(Records to process begins)

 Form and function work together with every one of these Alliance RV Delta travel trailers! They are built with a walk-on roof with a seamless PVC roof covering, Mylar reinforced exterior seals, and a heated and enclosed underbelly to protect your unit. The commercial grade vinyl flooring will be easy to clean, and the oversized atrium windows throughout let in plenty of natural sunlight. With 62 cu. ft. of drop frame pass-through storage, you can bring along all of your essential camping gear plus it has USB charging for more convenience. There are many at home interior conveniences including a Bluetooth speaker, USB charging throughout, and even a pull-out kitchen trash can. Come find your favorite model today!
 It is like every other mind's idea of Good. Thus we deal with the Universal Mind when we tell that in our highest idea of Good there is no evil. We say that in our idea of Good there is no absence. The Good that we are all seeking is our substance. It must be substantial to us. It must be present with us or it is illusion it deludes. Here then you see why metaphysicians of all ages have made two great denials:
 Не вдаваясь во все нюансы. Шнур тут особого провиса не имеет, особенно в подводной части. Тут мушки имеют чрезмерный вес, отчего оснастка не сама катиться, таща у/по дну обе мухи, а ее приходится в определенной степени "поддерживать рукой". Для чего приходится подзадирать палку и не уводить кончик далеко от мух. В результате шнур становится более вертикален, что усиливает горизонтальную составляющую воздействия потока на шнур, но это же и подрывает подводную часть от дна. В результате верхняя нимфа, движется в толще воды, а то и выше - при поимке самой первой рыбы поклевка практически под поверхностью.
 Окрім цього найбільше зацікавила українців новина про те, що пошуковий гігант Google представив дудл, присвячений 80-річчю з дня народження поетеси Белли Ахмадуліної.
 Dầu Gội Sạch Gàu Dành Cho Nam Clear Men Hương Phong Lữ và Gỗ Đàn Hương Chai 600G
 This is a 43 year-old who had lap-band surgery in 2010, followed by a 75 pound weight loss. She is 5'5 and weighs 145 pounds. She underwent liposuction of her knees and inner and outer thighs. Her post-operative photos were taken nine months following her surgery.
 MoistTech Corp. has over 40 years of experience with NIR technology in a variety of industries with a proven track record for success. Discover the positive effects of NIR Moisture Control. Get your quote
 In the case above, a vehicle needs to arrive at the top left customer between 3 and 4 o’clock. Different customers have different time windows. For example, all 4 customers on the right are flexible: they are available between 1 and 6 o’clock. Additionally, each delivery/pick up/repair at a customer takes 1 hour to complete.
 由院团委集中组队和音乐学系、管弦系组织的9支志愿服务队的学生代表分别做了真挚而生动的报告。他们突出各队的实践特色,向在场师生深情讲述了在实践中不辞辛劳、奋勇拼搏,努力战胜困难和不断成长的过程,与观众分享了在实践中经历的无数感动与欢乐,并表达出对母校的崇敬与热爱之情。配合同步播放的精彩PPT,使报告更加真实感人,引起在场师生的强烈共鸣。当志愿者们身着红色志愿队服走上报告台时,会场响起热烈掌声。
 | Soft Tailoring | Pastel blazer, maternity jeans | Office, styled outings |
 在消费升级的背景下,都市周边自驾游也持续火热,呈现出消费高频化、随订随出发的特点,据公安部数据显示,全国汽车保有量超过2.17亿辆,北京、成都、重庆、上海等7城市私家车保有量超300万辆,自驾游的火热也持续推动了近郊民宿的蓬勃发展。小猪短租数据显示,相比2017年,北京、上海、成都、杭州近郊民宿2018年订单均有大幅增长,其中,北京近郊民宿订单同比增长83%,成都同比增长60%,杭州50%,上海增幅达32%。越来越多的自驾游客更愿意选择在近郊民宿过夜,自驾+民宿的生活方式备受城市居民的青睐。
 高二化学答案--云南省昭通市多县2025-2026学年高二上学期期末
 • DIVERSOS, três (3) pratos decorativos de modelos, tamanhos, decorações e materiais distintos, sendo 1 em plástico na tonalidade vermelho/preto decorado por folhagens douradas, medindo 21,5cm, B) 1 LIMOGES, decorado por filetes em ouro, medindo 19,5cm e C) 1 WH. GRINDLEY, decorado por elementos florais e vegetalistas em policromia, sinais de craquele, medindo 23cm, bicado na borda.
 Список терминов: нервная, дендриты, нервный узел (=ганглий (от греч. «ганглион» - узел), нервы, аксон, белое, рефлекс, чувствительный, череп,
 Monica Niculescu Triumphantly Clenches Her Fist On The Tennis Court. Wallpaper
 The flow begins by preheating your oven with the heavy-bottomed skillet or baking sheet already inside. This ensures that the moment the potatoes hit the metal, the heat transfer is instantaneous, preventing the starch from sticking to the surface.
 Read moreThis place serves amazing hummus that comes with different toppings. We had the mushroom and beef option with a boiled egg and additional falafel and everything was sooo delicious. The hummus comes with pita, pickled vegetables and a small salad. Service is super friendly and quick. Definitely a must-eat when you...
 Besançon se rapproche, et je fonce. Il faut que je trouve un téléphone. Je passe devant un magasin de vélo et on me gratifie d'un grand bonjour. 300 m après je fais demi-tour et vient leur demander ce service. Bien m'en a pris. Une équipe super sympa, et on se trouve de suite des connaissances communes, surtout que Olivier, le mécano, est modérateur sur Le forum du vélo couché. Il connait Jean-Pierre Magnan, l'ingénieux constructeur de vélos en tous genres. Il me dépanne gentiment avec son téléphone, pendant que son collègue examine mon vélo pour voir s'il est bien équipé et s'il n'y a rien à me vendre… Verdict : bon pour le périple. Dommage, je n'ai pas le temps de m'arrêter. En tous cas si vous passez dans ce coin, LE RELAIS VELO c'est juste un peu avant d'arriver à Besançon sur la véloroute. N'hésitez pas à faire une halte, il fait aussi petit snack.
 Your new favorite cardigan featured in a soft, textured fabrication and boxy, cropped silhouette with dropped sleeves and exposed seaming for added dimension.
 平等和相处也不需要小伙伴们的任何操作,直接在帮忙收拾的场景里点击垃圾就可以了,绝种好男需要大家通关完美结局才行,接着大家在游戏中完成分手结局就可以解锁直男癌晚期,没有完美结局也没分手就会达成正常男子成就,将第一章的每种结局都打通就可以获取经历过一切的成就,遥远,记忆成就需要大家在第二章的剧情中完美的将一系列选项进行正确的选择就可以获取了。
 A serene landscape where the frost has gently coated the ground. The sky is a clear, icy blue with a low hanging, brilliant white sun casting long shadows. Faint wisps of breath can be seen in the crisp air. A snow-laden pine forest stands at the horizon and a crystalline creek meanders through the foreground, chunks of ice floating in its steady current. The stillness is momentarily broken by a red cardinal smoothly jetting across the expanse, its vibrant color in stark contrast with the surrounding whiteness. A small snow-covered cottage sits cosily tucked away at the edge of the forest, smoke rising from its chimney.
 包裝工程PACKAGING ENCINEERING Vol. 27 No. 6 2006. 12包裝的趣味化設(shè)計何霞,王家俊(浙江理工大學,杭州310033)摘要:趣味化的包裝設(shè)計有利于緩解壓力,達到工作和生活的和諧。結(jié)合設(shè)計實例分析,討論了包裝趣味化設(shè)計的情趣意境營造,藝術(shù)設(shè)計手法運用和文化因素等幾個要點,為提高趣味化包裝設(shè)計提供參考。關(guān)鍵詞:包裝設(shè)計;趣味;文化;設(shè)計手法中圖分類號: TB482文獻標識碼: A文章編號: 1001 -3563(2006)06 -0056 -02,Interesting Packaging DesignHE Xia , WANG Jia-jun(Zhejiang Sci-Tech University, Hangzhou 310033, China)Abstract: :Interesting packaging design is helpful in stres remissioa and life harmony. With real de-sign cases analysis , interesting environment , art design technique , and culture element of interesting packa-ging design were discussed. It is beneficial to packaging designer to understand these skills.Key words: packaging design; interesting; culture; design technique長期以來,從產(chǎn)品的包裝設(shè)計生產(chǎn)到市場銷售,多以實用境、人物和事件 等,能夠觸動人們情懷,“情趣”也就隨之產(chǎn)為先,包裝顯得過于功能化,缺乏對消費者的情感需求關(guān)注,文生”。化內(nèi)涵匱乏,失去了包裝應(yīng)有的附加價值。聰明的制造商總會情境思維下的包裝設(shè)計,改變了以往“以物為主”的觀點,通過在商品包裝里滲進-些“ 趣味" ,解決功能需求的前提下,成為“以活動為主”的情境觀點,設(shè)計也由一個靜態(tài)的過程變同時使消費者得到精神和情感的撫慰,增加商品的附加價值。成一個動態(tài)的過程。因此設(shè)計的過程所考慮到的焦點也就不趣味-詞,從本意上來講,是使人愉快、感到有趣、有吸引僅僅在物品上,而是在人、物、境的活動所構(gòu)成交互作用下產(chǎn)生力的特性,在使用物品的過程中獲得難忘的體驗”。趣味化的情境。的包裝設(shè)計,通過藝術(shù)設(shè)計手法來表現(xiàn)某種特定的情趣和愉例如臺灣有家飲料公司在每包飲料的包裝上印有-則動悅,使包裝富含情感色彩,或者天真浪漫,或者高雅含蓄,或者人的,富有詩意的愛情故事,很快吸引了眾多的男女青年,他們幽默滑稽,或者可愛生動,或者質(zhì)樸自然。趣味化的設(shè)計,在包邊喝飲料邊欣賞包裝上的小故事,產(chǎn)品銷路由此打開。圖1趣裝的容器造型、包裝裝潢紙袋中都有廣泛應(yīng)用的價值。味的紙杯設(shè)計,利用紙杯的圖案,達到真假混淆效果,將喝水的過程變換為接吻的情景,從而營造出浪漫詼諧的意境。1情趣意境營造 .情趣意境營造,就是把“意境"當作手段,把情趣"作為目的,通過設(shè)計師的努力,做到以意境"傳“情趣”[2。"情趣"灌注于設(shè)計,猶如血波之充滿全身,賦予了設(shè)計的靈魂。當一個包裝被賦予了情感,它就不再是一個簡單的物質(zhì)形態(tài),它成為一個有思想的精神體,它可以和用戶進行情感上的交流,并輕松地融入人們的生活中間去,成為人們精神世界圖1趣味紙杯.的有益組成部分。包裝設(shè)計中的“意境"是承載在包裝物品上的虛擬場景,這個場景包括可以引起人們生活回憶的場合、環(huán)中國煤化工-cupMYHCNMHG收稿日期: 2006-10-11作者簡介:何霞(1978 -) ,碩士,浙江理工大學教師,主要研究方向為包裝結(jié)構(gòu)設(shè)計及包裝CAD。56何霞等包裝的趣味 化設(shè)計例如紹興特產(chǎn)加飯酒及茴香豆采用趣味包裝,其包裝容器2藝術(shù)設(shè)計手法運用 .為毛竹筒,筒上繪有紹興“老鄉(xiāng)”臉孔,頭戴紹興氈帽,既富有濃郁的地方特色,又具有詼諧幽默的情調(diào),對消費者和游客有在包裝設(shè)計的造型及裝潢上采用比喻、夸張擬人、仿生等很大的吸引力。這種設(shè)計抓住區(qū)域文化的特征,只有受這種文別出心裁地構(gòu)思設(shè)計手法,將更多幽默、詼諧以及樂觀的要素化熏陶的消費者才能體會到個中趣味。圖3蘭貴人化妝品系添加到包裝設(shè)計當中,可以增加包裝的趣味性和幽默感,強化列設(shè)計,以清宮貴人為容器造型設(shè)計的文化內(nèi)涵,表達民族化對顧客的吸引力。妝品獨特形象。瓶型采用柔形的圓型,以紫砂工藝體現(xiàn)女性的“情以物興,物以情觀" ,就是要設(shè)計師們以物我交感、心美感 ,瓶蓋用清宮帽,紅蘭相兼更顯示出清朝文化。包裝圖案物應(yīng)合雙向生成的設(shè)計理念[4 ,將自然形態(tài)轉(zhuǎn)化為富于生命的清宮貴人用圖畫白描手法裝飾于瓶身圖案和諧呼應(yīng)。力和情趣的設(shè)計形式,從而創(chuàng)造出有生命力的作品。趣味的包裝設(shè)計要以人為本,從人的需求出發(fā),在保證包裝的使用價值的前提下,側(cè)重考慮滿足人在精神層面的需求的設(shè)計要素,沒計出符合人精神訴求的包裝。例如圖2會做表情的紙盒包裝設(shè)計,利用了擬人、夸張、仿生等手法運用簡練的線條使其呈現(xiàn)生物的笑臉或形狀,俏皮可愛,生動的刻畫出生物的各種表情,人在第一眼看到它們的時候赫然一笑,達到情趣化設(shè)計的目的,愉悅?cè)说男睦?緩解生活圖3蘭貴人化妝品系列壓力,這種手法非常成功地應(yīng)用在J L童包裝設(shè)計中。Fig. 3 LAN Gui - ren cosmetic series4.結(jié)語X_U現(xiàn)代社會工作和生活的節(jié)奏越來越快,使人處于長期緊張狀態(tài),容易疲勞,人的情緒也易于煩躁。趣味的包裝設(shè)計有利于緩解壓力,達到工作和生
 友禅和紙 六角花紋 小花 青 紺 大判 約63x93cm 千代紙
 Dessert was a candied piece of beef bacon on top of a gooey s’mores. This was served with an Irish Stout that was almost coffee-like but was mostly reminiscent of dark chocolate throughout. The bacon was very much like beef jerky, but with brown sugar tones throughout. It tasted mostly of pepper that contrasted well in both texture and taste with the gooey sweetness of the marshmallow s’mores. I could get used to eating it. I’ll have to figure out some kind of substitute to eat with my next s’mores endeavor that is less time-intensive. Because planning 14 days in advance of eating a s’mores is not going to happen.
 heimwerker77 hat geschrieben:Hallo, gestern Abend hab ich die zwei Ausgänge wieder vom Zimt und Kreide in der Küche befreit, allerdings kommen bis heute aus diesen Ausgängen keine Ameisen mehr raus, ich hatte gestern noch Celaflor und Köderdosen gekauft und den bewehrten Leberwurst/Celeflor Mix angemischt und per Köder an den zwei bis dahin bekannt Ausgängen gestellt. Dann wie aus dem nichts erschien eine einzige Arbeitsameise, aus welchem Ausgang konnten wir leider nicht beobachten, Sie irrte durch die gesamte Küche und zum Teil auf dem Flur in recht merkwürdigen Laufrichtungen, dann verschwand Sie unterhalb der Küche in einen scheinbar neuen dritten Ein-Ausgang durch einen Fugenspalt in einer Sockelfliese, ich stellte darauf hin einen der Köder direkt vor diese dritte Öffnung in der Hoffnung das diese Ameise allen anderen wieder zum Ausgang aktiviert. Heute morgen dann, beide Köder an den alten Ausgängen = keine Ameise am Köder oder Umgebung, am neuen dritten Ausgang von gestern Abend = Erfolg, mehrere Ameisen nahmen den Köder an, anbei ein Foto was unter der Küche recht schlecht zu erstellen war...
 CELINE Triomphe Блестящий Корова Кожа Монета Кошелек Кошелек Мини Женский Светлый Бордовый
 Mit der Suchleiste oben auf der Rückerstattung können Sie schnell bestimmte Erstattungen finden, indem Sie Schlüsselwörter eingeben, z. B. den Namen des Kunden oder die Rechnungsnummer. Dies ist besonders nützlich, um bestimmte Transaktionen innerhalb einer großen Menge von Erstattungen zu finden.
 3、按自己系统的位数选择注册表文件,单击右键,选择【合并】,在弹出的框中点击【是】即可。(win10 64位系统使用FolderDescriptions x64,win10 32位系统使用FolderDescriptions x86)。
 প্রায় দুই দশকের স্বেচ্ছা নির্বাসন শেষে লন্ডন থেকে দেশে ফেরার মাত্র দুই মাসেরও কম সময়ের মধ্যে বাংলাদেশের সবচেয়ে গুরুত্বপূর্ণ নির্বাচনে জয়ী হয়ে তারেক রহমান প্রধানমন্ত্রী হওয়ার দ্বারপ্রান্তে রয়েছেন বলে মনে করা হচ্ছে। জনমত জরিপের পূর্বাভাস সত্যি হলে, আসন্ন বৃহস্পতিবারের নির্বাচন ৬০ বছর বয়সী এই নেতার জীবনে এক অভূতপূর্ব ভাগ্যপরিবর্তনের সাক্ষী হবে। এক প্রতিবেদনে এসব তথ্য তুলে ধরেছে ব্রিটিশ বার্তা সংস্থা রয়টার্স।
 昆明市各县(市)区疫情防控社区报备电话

(Records to process ends)

▶ **Task to complete**:
What is needed is an exact copy of the lines above, from the one containing "This is a 43" through the one containing "In the case", with nothing added.

▶ **Output of the task**:
 This is a 43 year-old who had lap-band surgery in 2010, followed by a 75 pound weight loss. She is 5'5 and weighs 145 pounds. She underwent liposuction of her knees and inner and outer thighs. Her post-operative photos were taken nine months following her surgery.
 MoistTech Corp. has over 40 years of experience with NIR technology in a variety of industries with a proven track record for success. Discover the positive effects of NIR Moisture Control. Get your quote
 In the case above, a vehicle needs to arrive at the top left customer between 3 and 4 o’clock. Different customers have different time windows. For example, all 4 customers on the right are flexible: they are available between 1 and 6 o’clock. Additionally, each delivery/pick up/repair at a customer takes 1 hour to complete.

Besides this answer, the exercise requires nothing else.